ASSIGNMENT
Give again, word for word, the lines below that run from the line with "祝子川温泉の露天風呂からは、" through the line with "1、古战英雄,完成春溪原任务后,进入五个探秘点获取五件道具,开启获得沧浪壁画". Drop the pictures.

EXCERPTED RECORDS
▼

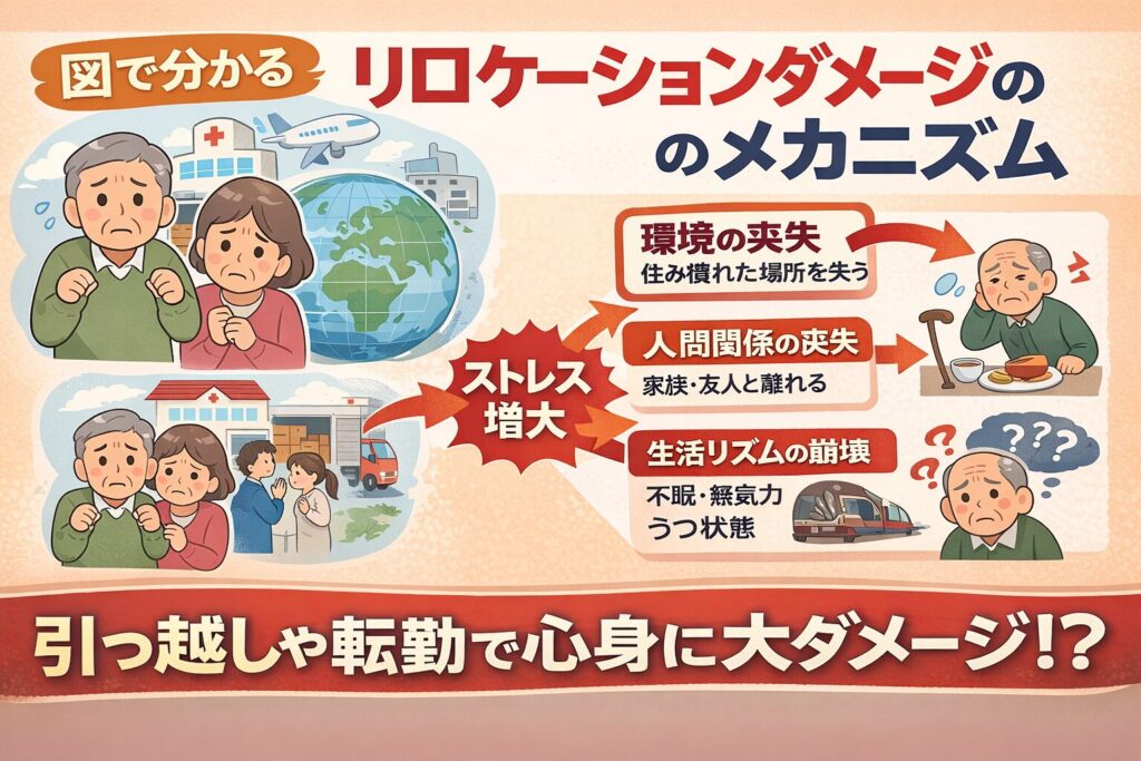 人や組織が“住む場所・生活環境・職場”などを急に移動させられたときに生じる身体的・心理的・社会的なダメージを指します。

▲
▼

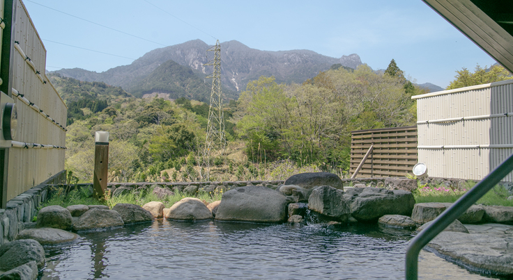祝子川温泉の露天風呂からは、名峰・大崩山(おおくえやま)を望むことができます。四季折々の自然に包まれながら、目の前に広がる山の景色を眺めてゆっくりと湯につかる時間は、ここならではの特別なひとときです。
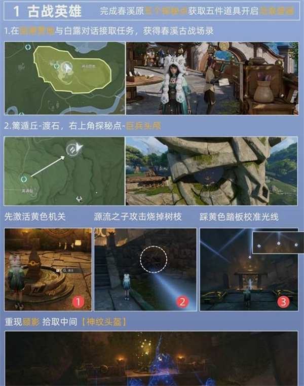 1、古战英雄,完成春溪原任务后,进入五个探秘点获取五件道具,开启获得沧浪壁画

▲
▼

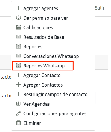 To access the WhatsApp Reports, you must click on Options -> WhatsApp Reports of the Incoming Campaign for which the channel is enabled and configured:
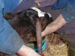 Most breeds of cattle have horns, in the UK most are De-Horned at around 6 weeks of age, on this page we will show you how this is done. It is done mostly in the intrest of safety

▲

ANSWER FOR THE TASK
祝子川温泉の露天風呂からは、名峰・大崩山(おおくえやま)を望むことができます。四季折々の自然に包まれながら、目の前に広がる山の景色を眺めてゆっくりと湯につかる時間は、ここならではの特別なひとときです。
 1、古战英雄,完成春溪原任务后,进入五个探秘点获取五件道具,开启获得沧浪壁画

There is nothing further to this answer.